Restate the records word for word. Include no pictures.
Records provided section start
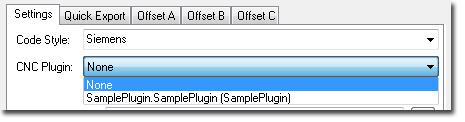 When you are happy, copy your DLL to the "plugins" directory under the STEP-NC Machine installation. Click on the "Configure" button above and the settings dialog will show a list of available plugins to pick from. The plugin will be remembered and loaded whenever you run STEP-NC Machine.
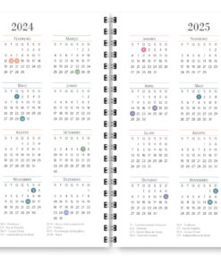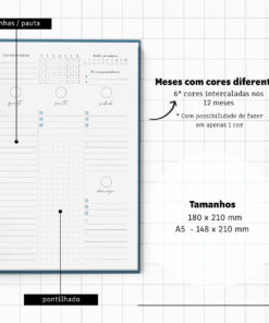 - Miolo com cores diversas – Meses com cores intercaladas (Rosa pacífico, Coral sereno, Verde, Roxo, Azul petróleo e Azul Celeste)
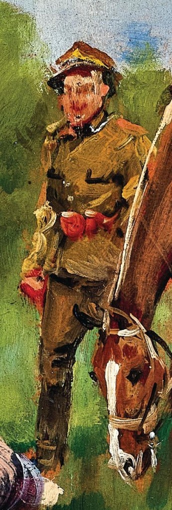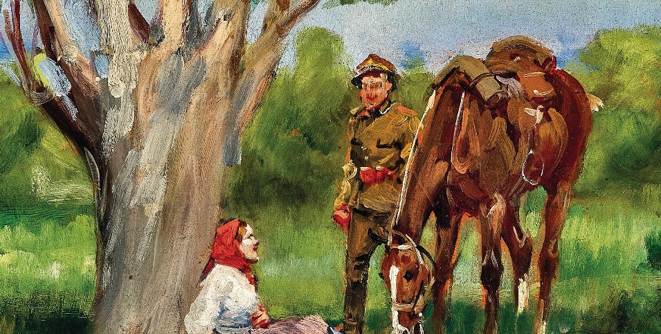 Lot 69. Jerzy Kossak (Krakau 1886-1955). Begegnung unter einem Baum, signiert, datiert Jerzy Kossak 1933, Öl auf Karton, 35 x 28 cm. Estimate 1,800 – 2,200 euro. Dorotheum. 02/21/24. Sold 1,900 euro
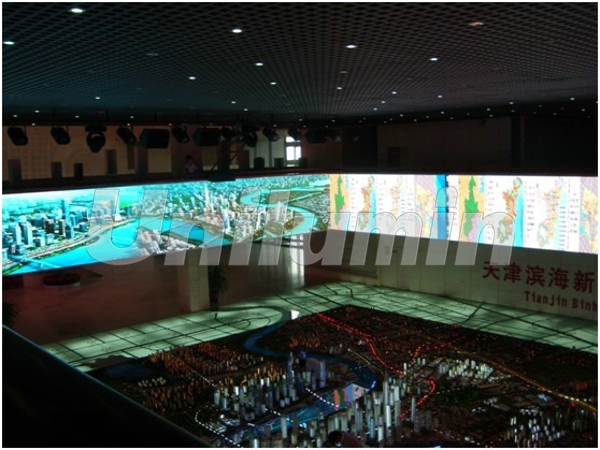 據(jù)了解,金融中心一樓大廳內(nèi)內(nèi)部結(jié)構(gòu)為一樓、二樓中心部分相通,可以站在二樓俯瞰一樓近300平方米的于家堡金融區(qū)整體沙盤模型,而此次LED顯示屏的位置則是二樓走廊外四面的墻體,主要用于播放于家堡的歷史發(fā)展足跡及未來(lái)規(guī)劃的視頻,觀眾在觀看于家堡金融區(qū)整體沙盤模型的同時(shí),稍微抬頭就能觀看相關(guān)視頻,了解到于家堡的過(guò)去、現(xiàn)在、未來(lái)。
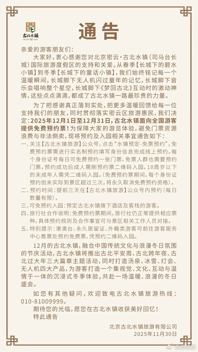 【品橙旅游】北京密云·古北水镇(司马台长城)国际旅游度假区(以下简称“古北水镇”)于11月30日发布了一项暖心举措:2025年12月1日至12月31日,面向全国游客实行景区门票免费入园政策。
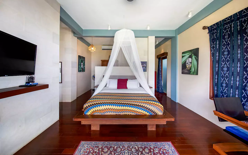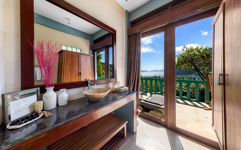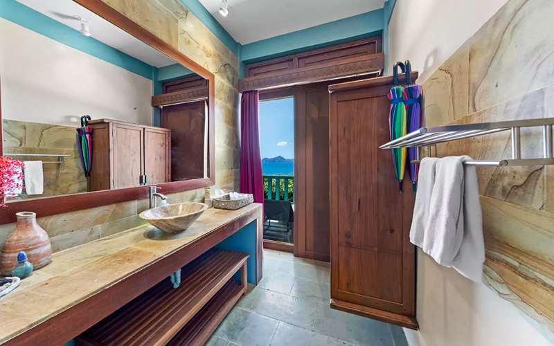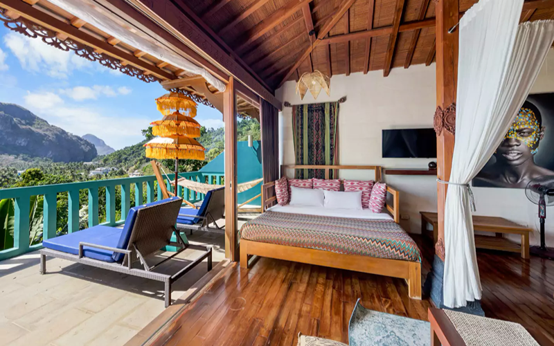 Studio Premier Seaview combines modern suite ambiance with spacious comfort, nestled in a two-story low-rise building just below the Joglo villas. The unit features its own private balcony furnished with sun loungers, a hammock, and a dining area — perfect for unwinding while enjoying sunsets or sea breezes. Interiors are richly detailed, with Asian-style wood carvings and paintings from the Philippines, Indonesia, and Thailand; finishes include Javanese stone and hardwood floors, marble sinks and countertops, and full-height sliding glass doors that invite in light and the view.
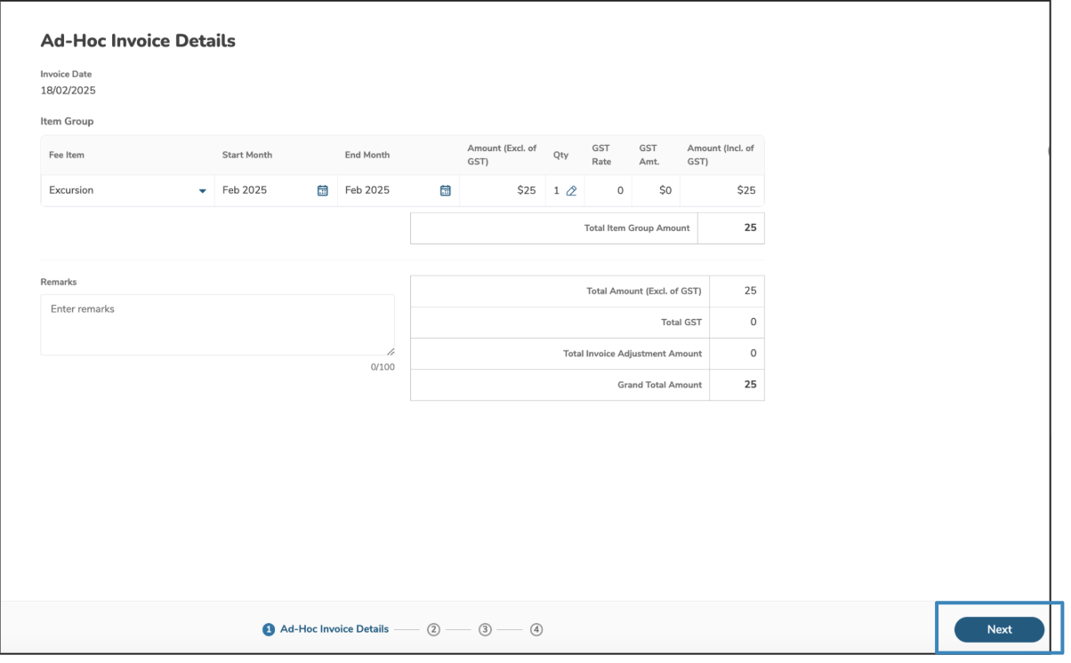 Fill in all required ad-hoc invoice information:
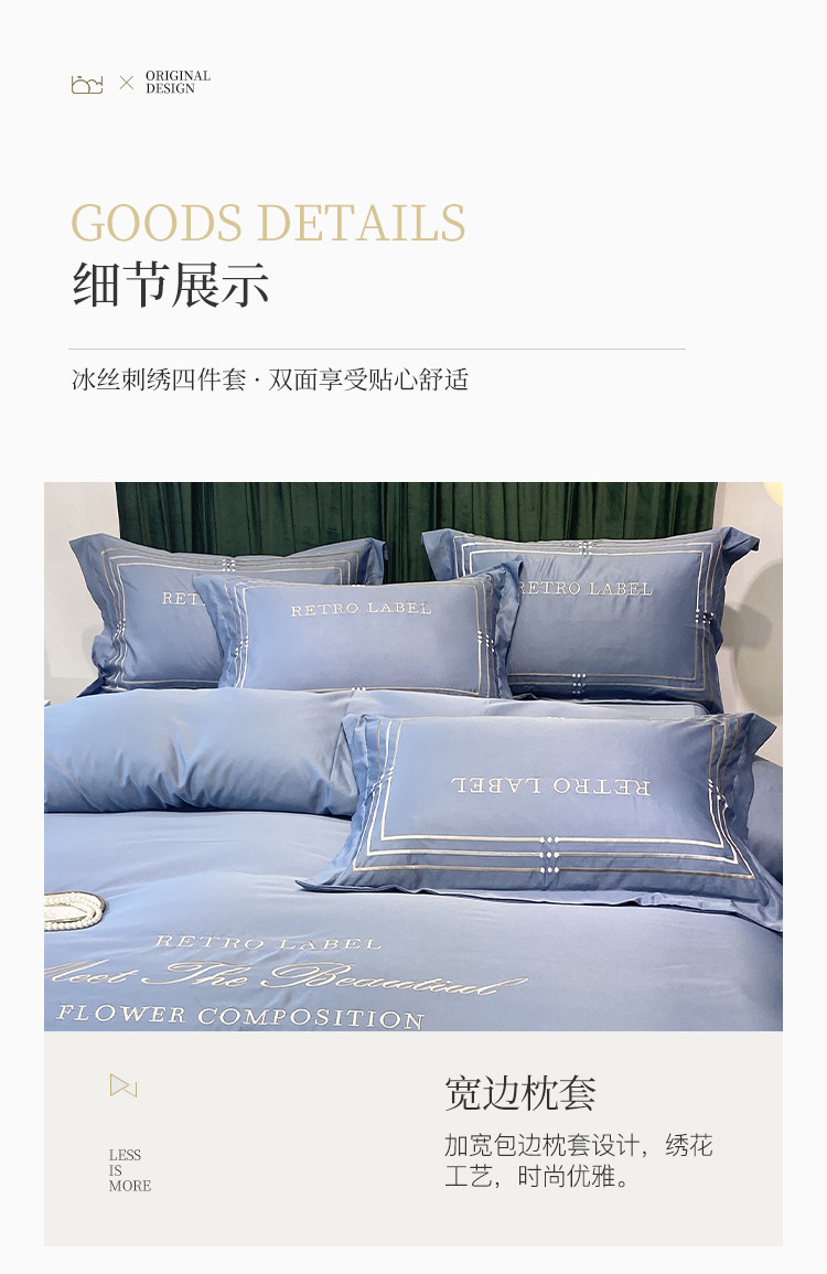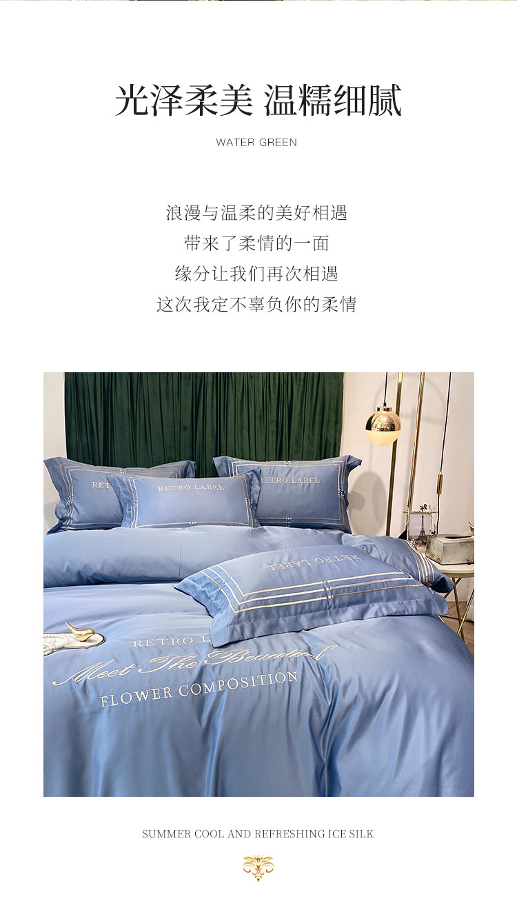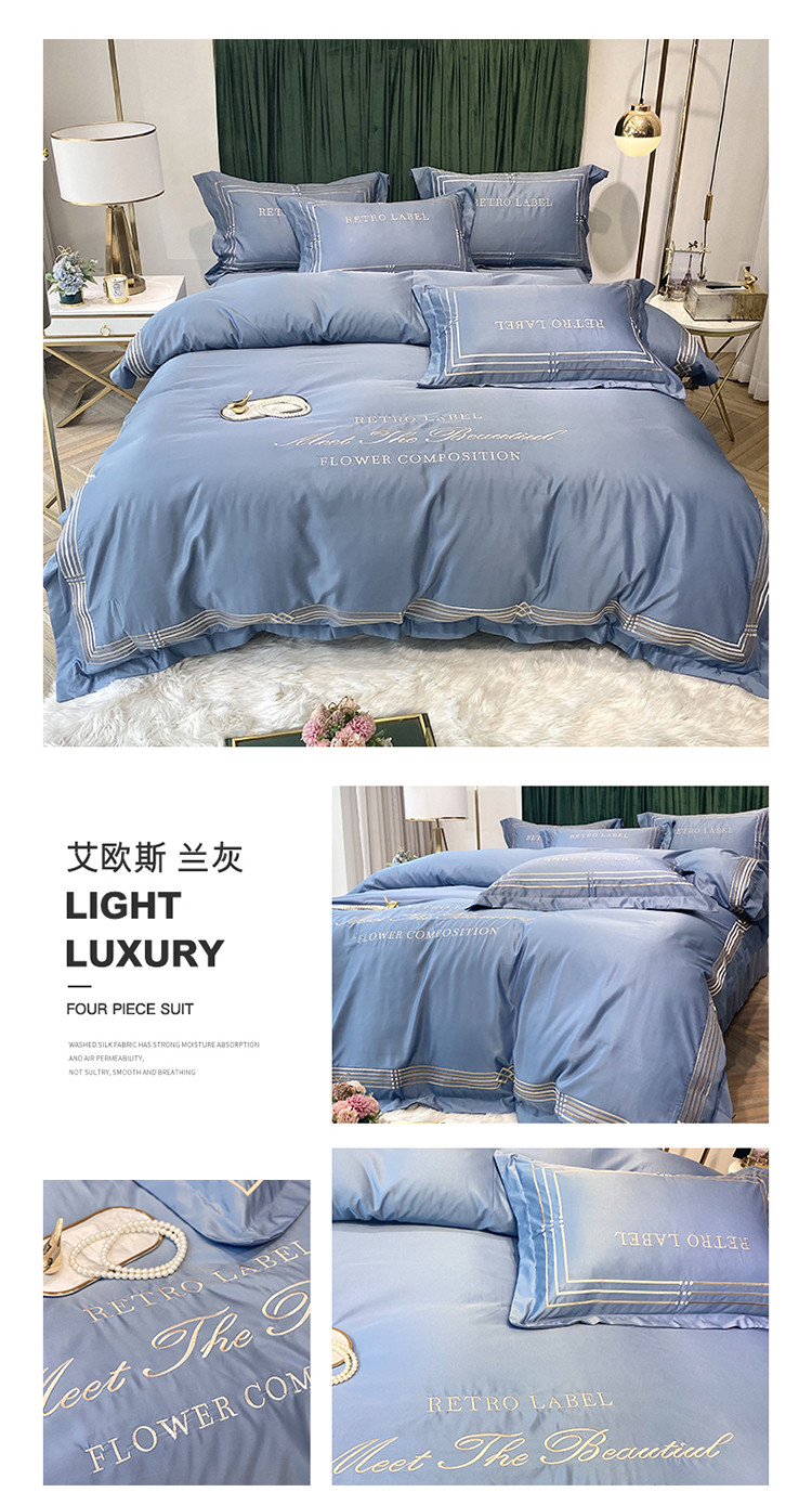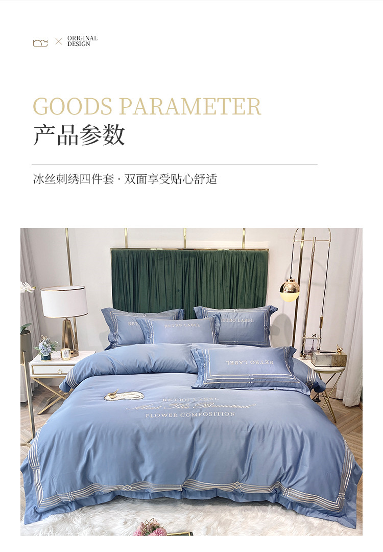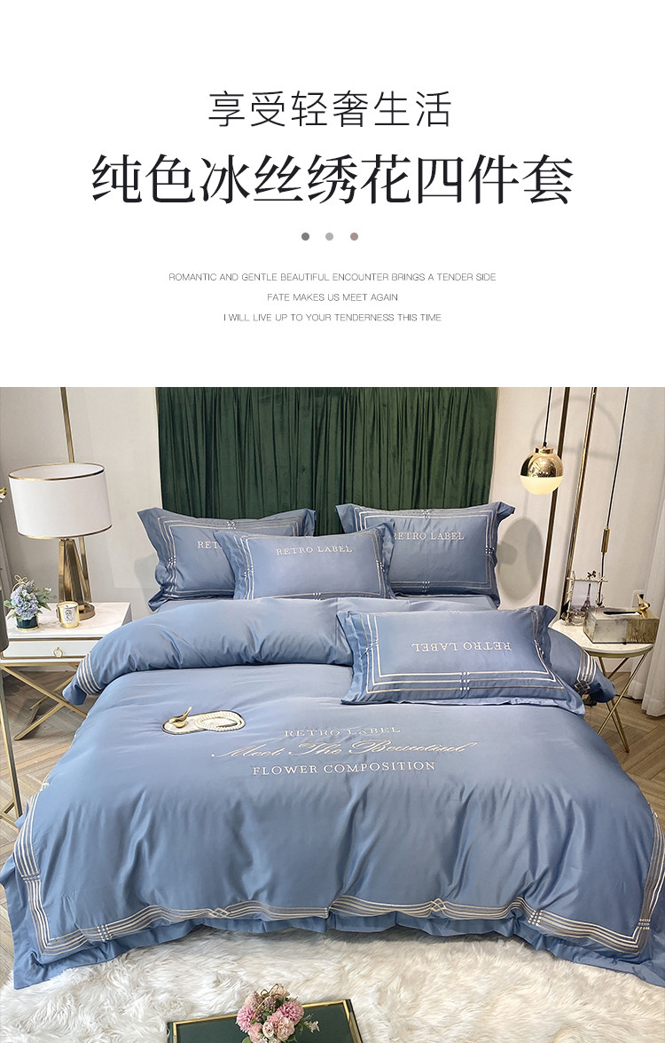 商品名称:理想家 2020新款纯色冰丝绣花四件套艾欧斯系列 兰灰
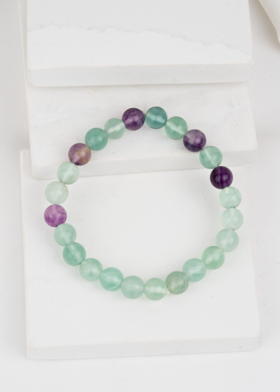 🔮 8 mm doğal florit taşlarıyla hazırlanmış bu Bileklik elastik yapısıyla her bileğe uyum sağlar.
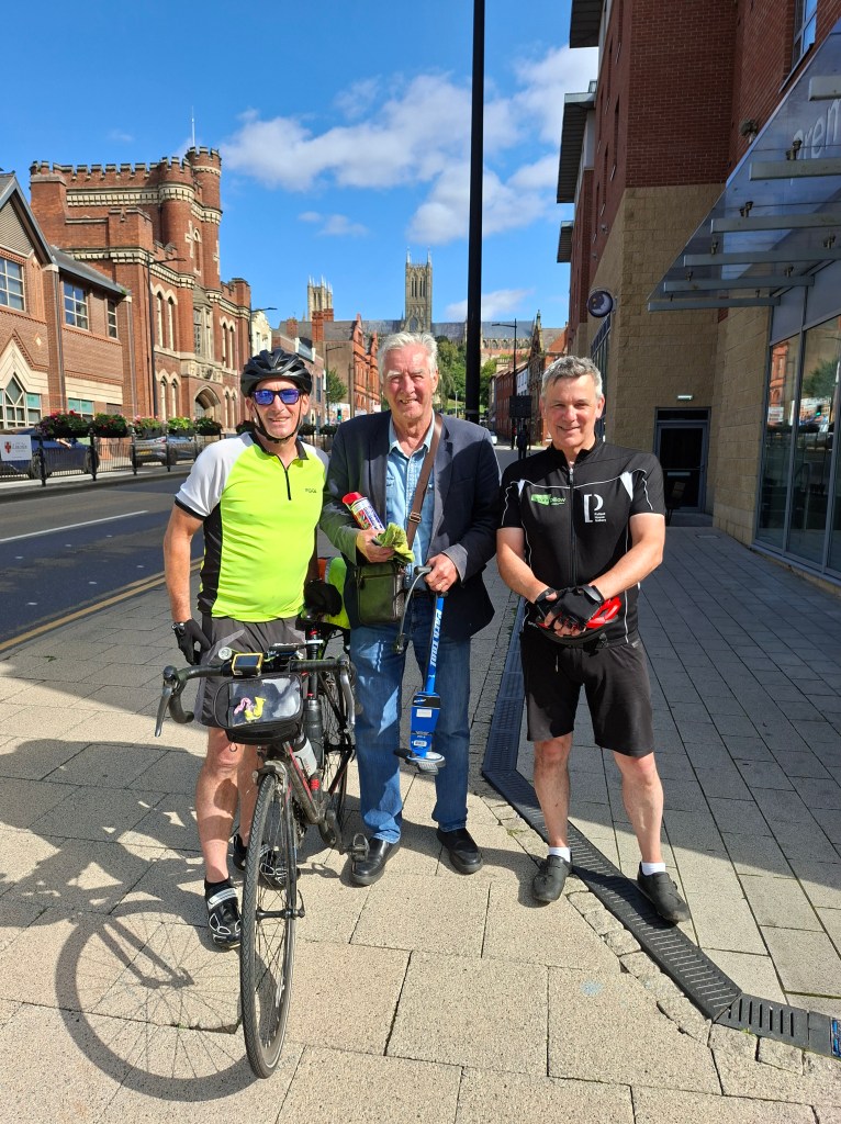 We were then led down quiet country lanes to the attractive town of Sleaford. Malcolm managed to make the traffic lights before they turned red; I did not. A couple of minutes later, I saw him on a small traffic island. Apparently, not wanting to take his foot out of his toe-clips, he had fallen onto the traffic island. Three sets of people had gone to help him. As with what he learned about his character in the interview with himself, it seems that not putting his foot down seems to be a recurring problem with Malcolm. I think Sleaford have renamed the traffic island The Fool’s Landing.
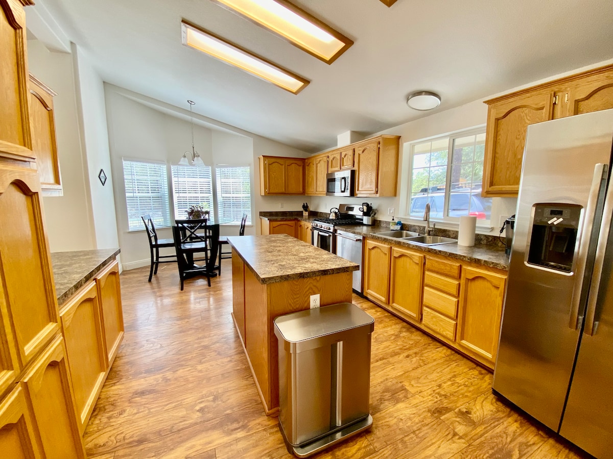 Bienvenue aux voyageurs dans notre maison de montagne reposante, pour poser votre tête et vos effets personnels, puis vous diriger vers la nature pour toute aventure que vous pourriez désirer. Venez escalader une montagne ou sauter dans un lac, puis revenez vous reposer dans cette maison propre et confortable semblable à un chalet. Nous avons une sonnette extérieure avec caméra Ring, près de la porte d'entrée, qui détecte les mouvements, enregistre l'audio et la vidéo. Cela informe les hôtes de l'arrivée des colis et des voyageurs. Les voyageurs peuvent appeler l'hôte pour obtenir de l'aide pour entrer dans les lieux.
Records provided section end
**Written answer**
 When you are happy, copy your DLL to the "plugins" directory under the STEP-NC Machine installation. Click on the "Configure" button above and the settings dialog will show a list of available plugins to pick from. The plugin will be remembered and loaded whenever you run STEP-NC Machine.
 - Miolo com cores diversas – Meses com cores intercaladas (Rosa pacífico, Coral sereno, Verde, Roxo, Azul petróleo e Azul Celeste)
 Lot 69. Jerzy Kossak (Krakau 1886-1955). Begegnung unter einem Baum, signiert, datiert Jerzy Kossak 1933, Öl auf Karton, 35 x 28 cm. Estimate 1,800 – 2,200 euro. Dorotheum. 02/21/24. Sold 1,900 euro
 據(jù)了解,金融中心一樓大廳內(nèi)內(nèi)部結(jié)構(gòu)為一樓、二樓中心部分相通,可以站在二樓俯瞰一樓近300平方米的于家堡金融區(qū)整體沙盤模型,而此次LED顯示屏的位置則是二樓走廊外四面的墻體,主要用于播放于家堡的歷史發(fā)展足跡及未來(lái)規(guī)劃的視頻,觀眾在觀看于家堡金融區(qū)整體沙盤模型的同時(shí),稍微抬頭就能觀看相關(guān)視頻,了解到于家堡的過(guò)去、現(xiàn)在、未來(lái)。
 【品橙旅游】北京密云·古北水镇(司马台长城)国际旅游度假区(以下简称“古北水镇”)于11月30日发布了一项暖心举措:2025年12月1日至12月31日,面向全国游客实行景区门票免费入园政策。
 Studio Premier Seaview combines modern suite ambiance with spacious comfort, nestled in a two-story low-rise building just below the Joglo villas. The unit features its own private balcony furnished with sun loungers, a hammock, and a dining area — perfect for unwinding while enjoying sunsets or sea breezes. Interiors are richly detailed, with Asian-style wood carvings and paintings from the Philippines, Indonesia, and Thailand; finishes include Javanese stone and hardwood floors, marble sinks and countertops, and full-height sliding glass doors that invite in light and the view.
 Fill in all required ad-hoc invoice information:
 商品名称:理想家 2020新款纯色冰丝绣花四件套艾欧斯系列 兰灰
 🔮 8 mm doğal florit taşlarıyla hazırlanmış bu Bileklik elastik yapısıyla her bileğe uyum sağlar.
 We were then led down quiet country lanes to the attractive town of Sleaford. Malcolm managed to make the traffic lights before they turned red; I did not. A couple of minutes later, I saw him on a small traffic island. Apparently, not wanting to take his foot out of his toe-clips, he had fallen onto the traffic island. Three sets of people had gone to help him. As with what he learned about his character in the interview with himself, it seems that not putting his foot down seems to be a recurring problem with Malcolm. I think Sleaford have renamed the traffic island The Fool’s Landing.
 Bienvenue aux voyageurs dans notre maison de montagne reposante, pour poser votre tête et vos effets personnels, puis vous diriger vers la nature pour toute aventure que vous pourriez désirer. Venez escalader une montagne ou sauter dans un lac, puis revenez vous reposer dans cette maison propre et confortable semblable à un chalet. Nous avons une sonnette extérieure avec caméra Ring, près de la porte d'entrée, qui détecte les mouvements, enregistre l'audio et la vidéo. Cela informe les hôtes de l'arrivée des colis et des voyageurs. Les voyageurs peuvent appeler l'hôte pour obtenir de l'aide pour entrer dans les lieux.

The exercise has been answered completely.